Accueil > Actualité > Intervention de la CGT IDF au CIEN du 11 Avril 2013 : Préparation de la (...)

Actualité

Intervention de la CGT IDF au CIEN du 11 Avril 2013 : Préparation de la Rentrée 2013 Lycées EREA et lutte contre le Décrochage Scolaire Pour une Véritable Fondation de l’école

jeudi 11 avril 2013

La rentrée scolaire en septembre 2013 des lycéens et collégiens franciliens devrait connaître une nouvelle montée importante d’effectifs élèves et d’étudiants de la Maternelle aux lycées avec des créations d’emplois dans le 1er comme dans le 2e degré qui ne peuvent combler l’hémorragie des suppressions de postes durant les 5 dernières années.

Cela rompt bien sûr avec les 1500 emplois en moins et une baisse dramatique de 1200 postes d’enseignants an niveau des lycées à la rentrée 2012 dans un contexte d’effectifs élèves en hausse importante.

La CGT a milité pour un changement radical de politique et de président en 2012 lors des élections présidentielles C’était impératif au niveau de la politique scolaire menée pendant plus de 10 ans.

Aujourd’hui, alors même que la priorité gouvernementale s’est affichée pour l’école et son système éducatif, le passif pèse lourdement sur le manque criant d’enseignants, de personnels dans l’éducation nationale et sur les réformes du système éducatif de l’école à l’Université Vie scolaire. La préparation de la rentrée 2013 est largement tributaire de cette situation dénoncée largement par les personnels et les organisations syndicales.
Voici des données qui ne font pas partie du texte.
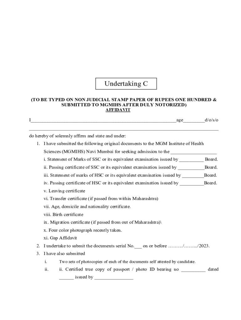 Undertaking C (TO BE TYPED ON NON-JUDICIAL STAMP PAPER OF RUPEES ONE HUNDRED & SUBMITTED TO MGM IHS AFTER DULY MOTORIZED) AFFIDAVITI___age___d/o/s/o ___ do hereby of solemnly affirm and state and
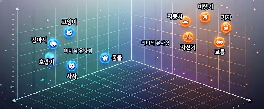 그런데 여기서 자세히 보면 중요한 특징이 있습니다. 비슷한 의미를 가진 단어들은 벡터 공간에서 서로 가까운 위치에 놓입니다.
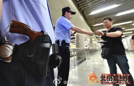 @法制晚报【天安门附近5地铁站 民警首次持枪巡逻】从今日起,北京警方首次在北京地铁一号线西单至东单五个地铁站(沿途有天安门西、天安门东、王府井3站)持枪巡逻。天安门站派出所所长刘勇介绍,目前反恐形势严峻,根据公安部、北京市公安局要求,地铁站安全标准大幅提升。(记者张雷)
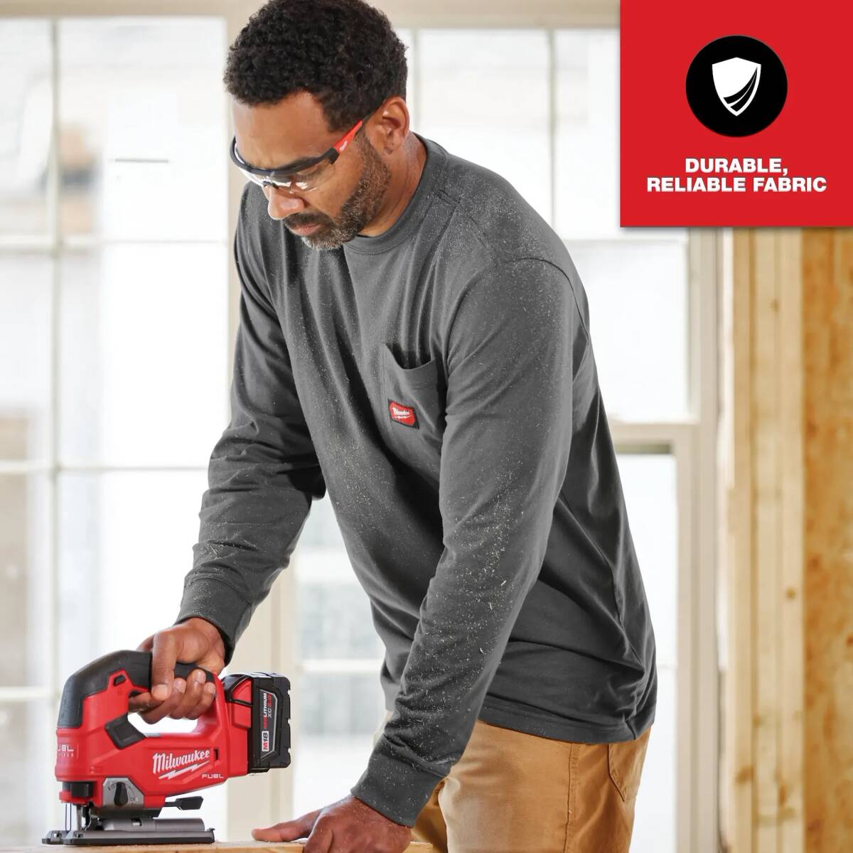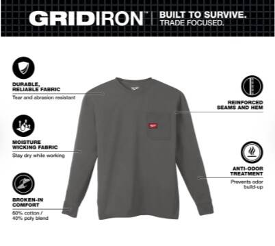 Part of the MILWAUKEE® GRIDIRON™ Collection, our Long Sleeve Pocket Tee is BUILT TO SURVIVE. Our Pocket Tees are built from durable, reliable fabric for ALL DAY PROTECTION to OUTLAST THE JOB. This long sleeve t-shirt is engineered for broken-in comfort on day one and continues to get better over time. Designed with a relaxed fit for plenty of room to move. Our moisture wicking and anti-odor technologies make the Heavy Duty Pocket T-Shirt a go-to any time of year.
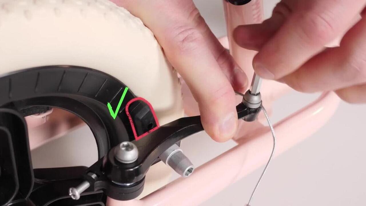 The brakes use a V-brake system with mini aluminium callipers. Our teams have designed it to be fully compatible with balance bike use: the adjusting screw is at the back so that the child's legs can't rub against it as they push themselves along.
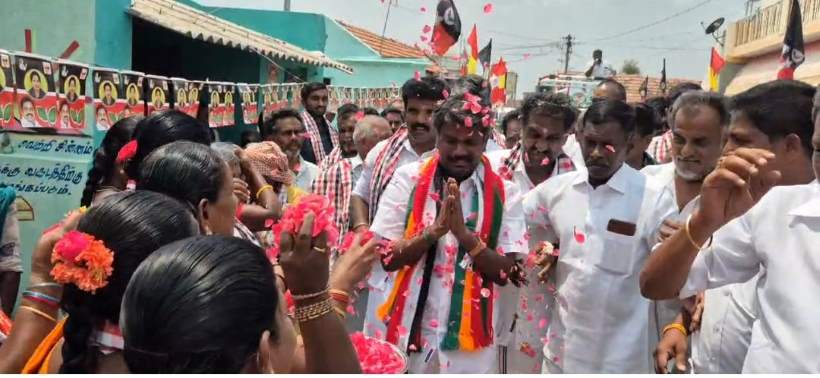 Perambalur AIADMK candidate Elambai R. Tamilselvan receives an enthusiastic welcome, greeted with Aarti performed using a tray of vegetables!
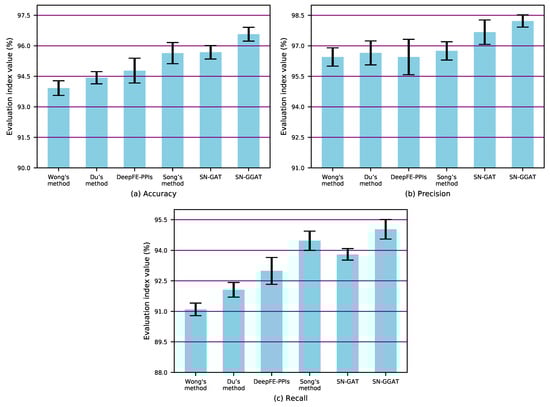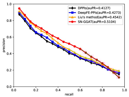 We took the average value of ten results, drew the average curve of PR, and compared it with DPPIs [28], DeepFE-PPIs [23], and Liu’s method [27]. The comparison results are shown in Figure 10. DPPIs uses a convolutional neural network combined with random projection and data expansion to predict PPIs, and its auPR value is 0.4127. DeepFE-PPIs employ a new residue representation called Res2vec, which provides effective input for the downstream deep learning model. The auPR value of this method is 0.4273. Liu’s method uses GCNs to learn the location information of proteins in a PPI network and combines the sequence and location information of amino acids to generate strong protein characterization, with an auPR value of 0.4542. The SN-GGAT method has the best performance, and the auPR value is 0.5104, which is higher than the other three methods.
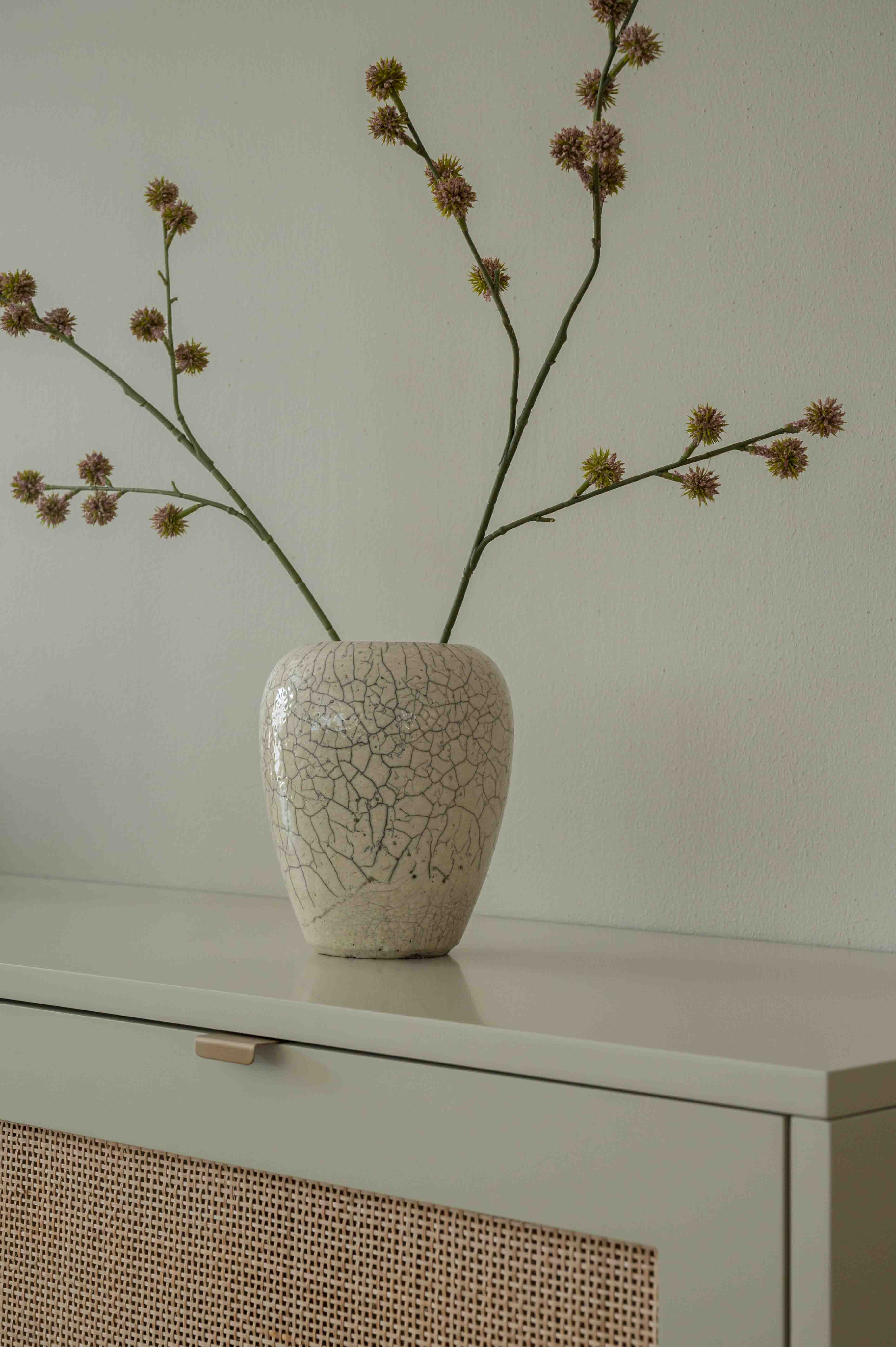 Crackle-glaze ceramic vase, with unique texture and finish that adds depth and interest to any Fronteriors-inspired arrangement.
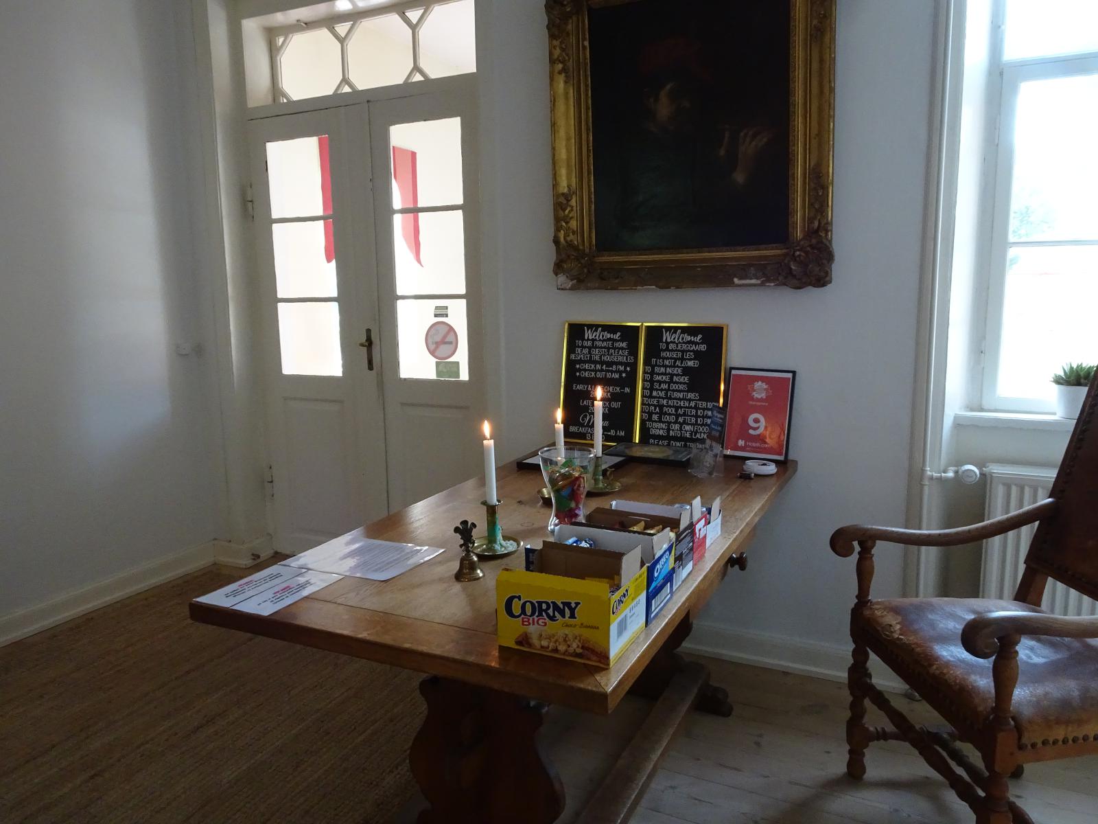 ![]() The other couple here are from Utrecht. They haven't ridden here from there like I have but they are in the middle of something like an 800 km cycling trip. We helped ourselves to a small breakfast buffet from the dining room and ate it out on the verandah. While we were there, the owner made a brief appearance to put new cushions on the chairs and to say that he was going out again. He likes to live dangerously. This time, he's not just gone out and left the place unlocked but he's also left three unattended candles burning on the desk, next to two signs which say "no smoking". UTC Time: 07:48, Friday 23 August 2019 Local Time: 09:48, Friday 23 August 2019 Estimate of longitude: 11° 49' 44.54" E = 11.829040° Estimate of latitude: 55° 6' 58.75" N = 55.116320° Possible error on position estimate: 50 metres | |
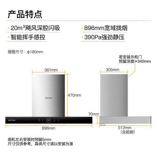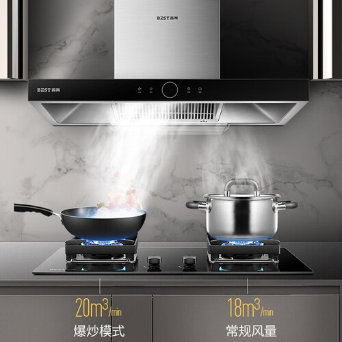 20立方深腔闪吸技术,油烟外排无需拐弯,提升排烟速度。3min延时关机功能,自动净除厨房残留余烟,重现清爽烹饪环境。
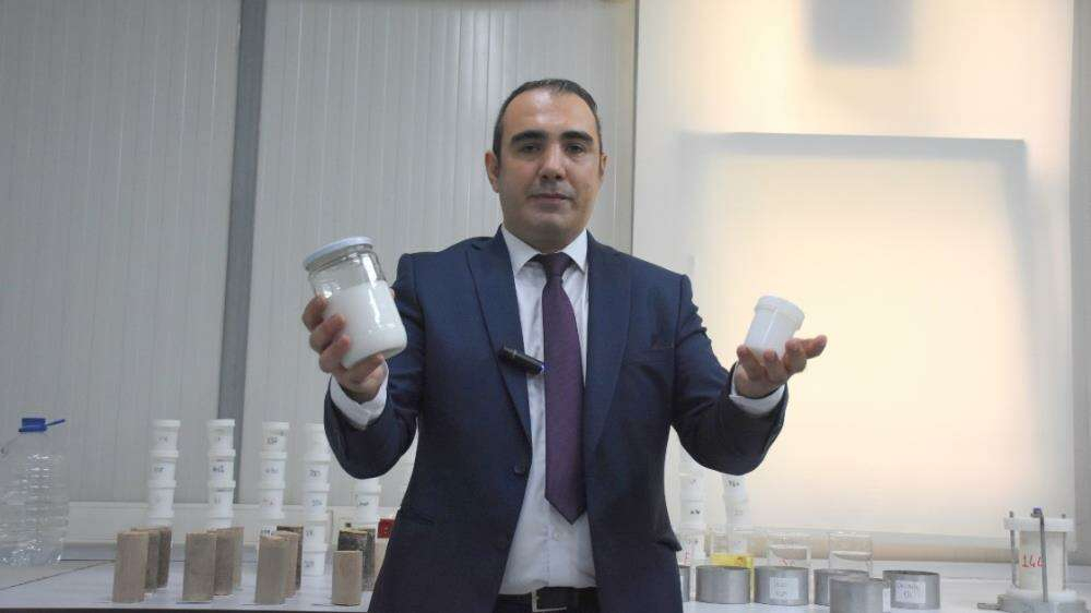 Kumu kısa zamanda kayaç yapıya dönüştüren projenin başında Doç. Dr. Eyübhan Avcı ve Gazi Üniversitesi Mühendislik Fakültesi İnşaat Mühendisliği Bölümü öğretim üyesi Prof. Dr. Murat Mollamahmutoğlu yer alıyor. On beş yıllık bir çalışmanın ürünü olan bu proje ile sıvılaşma potansiyeline sahip zemine oturan binalar yıkılmadan zemin iyileştirilebilecek. Elde edilen ürünün maliyetinin diğer ürünlere göre çok daha uygun olduğunu dile getiren Avcı, yerli ve milli bir proje olan bor katkılı çıktının; zemin iyileştirilmesi sürecinde oldukça hesaplı bir şekilde kullanılabileceğinin de altını çizdi.
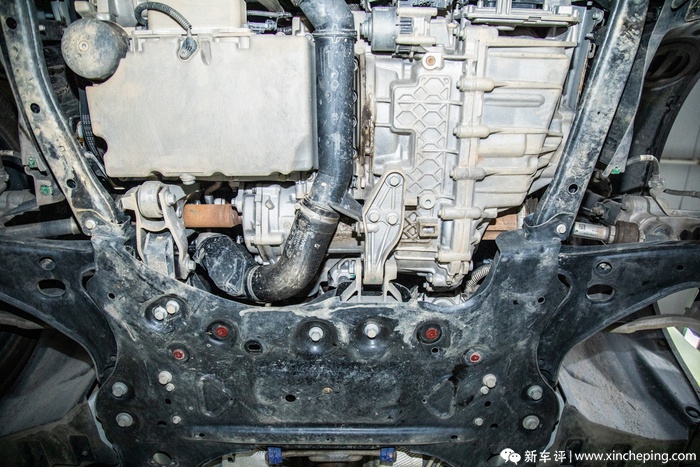 刚把领克01升起来的时候,我就知道拍摄不轻松了,因为要拆护板,而领克01的底盘护板很多很大,真要全拆的话要费一番功夫了。但是,反过来说,这样的防护措施其实对消费者是非常友好的,我就挑最简单的来说,上次我的同事开这台车去越野路段跑了那么久,但就这么一看看底盘也没什么事,可见这护板是真真切切起到了防护作用,这也会让消费者在日常用车过程中更加放心。
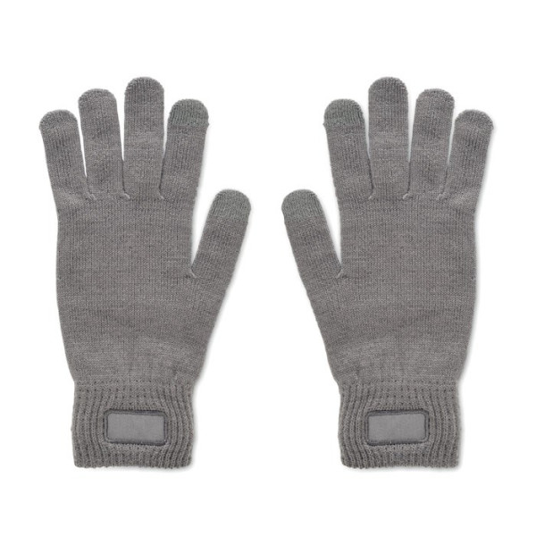 Gestrickte Handschuhe aus weichem, elastischem RPET-Polyester mit Patch.
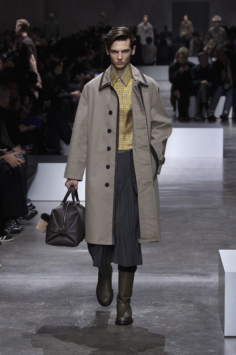 Per il prossimo autunno inverno Silvia Venturini Fendi gioca sulla dualità dell’urbano e del bucolico partendo dall’iconografia del kilt scozzese che perla l’intera collezione, declinato in lunghi short plissettati indossati con stivali Wellington in pelle e calzini da trekking, gonne plaid o classici pantaloni rivisti con pieghe lungo la gamba.
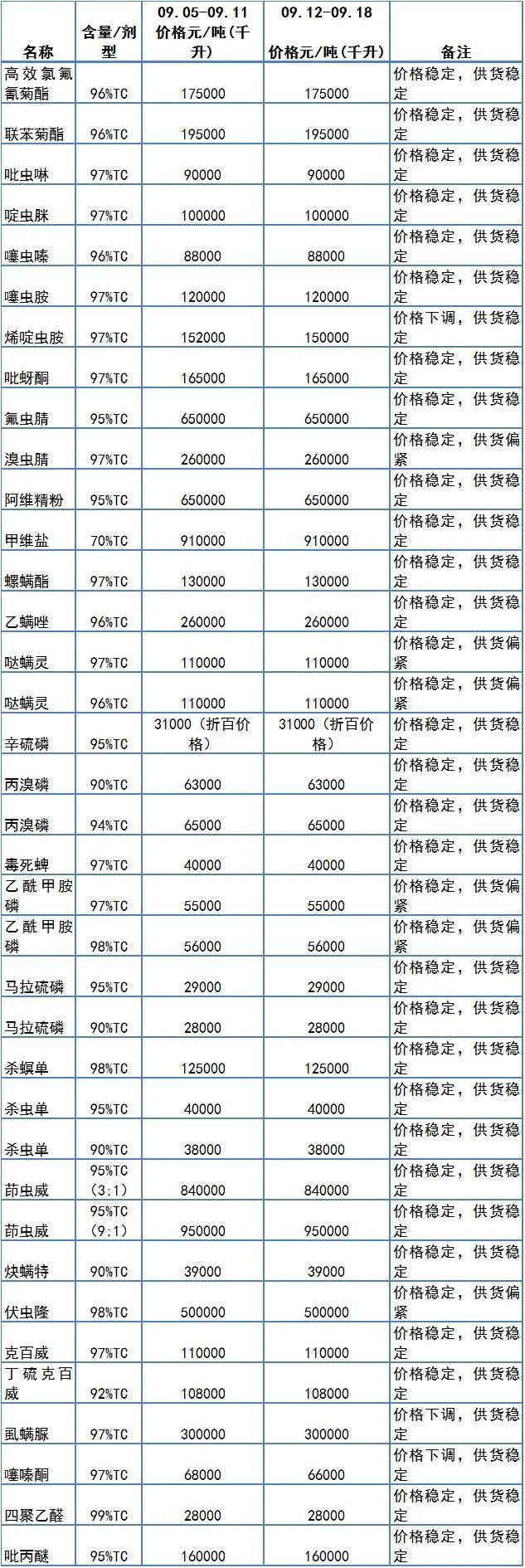 97%烯啶虫胺每吨下调2000元,至150000元/吨
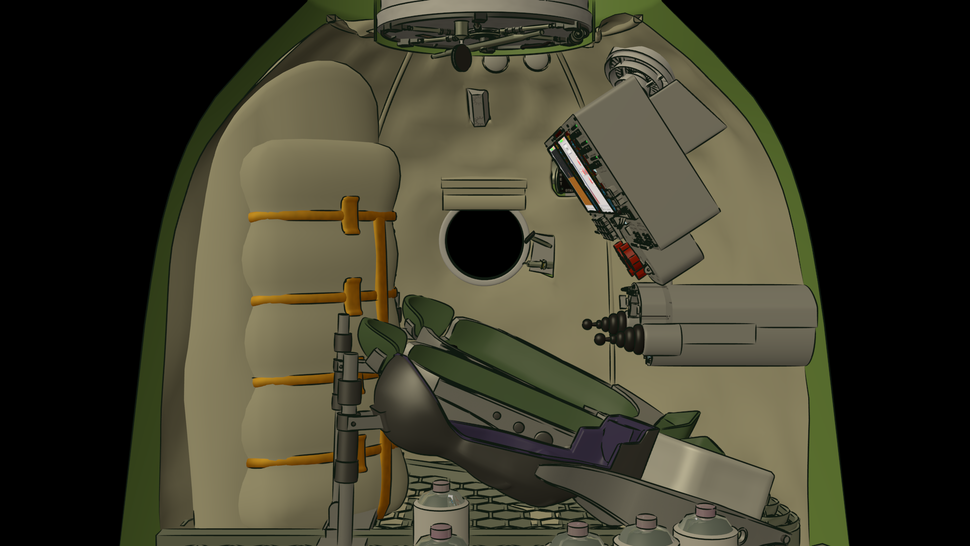 This is the updated / rebuilt Soyuz interior set. Chris Kuhn created this set based on the previous model, but at a much lower polygon count. There are a number of other small design changes, as well, and this model is slightly more accurate to the real thing.
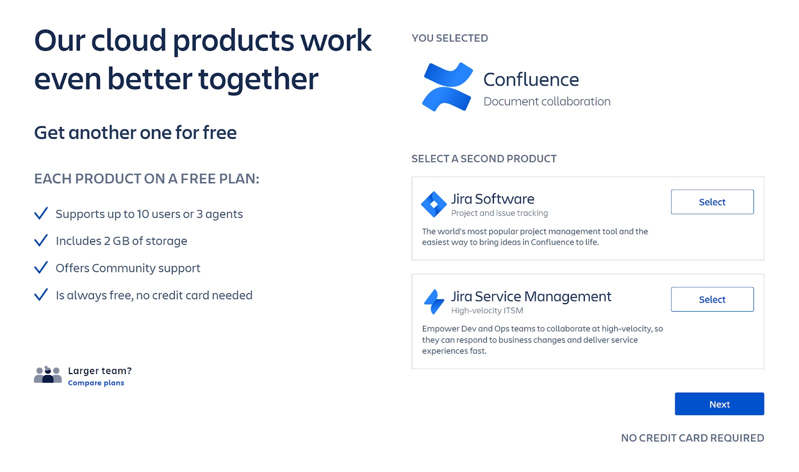 Jira Service Management drives av et annet Atlassian-produkt kalt Confluence. For å få kunnskapsbasen din til å fungere problemfritt, må du få en Confluence-konto. Du kan bli med i Confluence gratis uten noen betaling. Etterpå skal kunnskapsbasen din være oppe og fungere uten problemer.

La question des rythmes scolaires à l’école et des mobilisations conséquentes des personnels, parents d’élèves depuis la fin 2012 est certainement l’illustration flagrante à la fois de la conséquence d’une réforme imposée par l’ancienne majorité politique avec la semaine de 4 jours à l’école et un engagement présidentiel avec une nouvelle réforme précipitée pour la rentrée 2013.

L’articulation avec l’engagement des collectivités territoriales dans le temps péri scolaire et une réflexion concertée et aboutie avec les personnels, les enseignants et les organisations syndicales demeure une exigence toujours actuelle. C’est aussi l’occasion de « sortir » de la logique : « une classe d’école et un Professeur des écoles ». Pour la CGT, il faudrait aller à terme vers l’organisation scolaire de 2 classes pour 3 enseignants PE à l’école .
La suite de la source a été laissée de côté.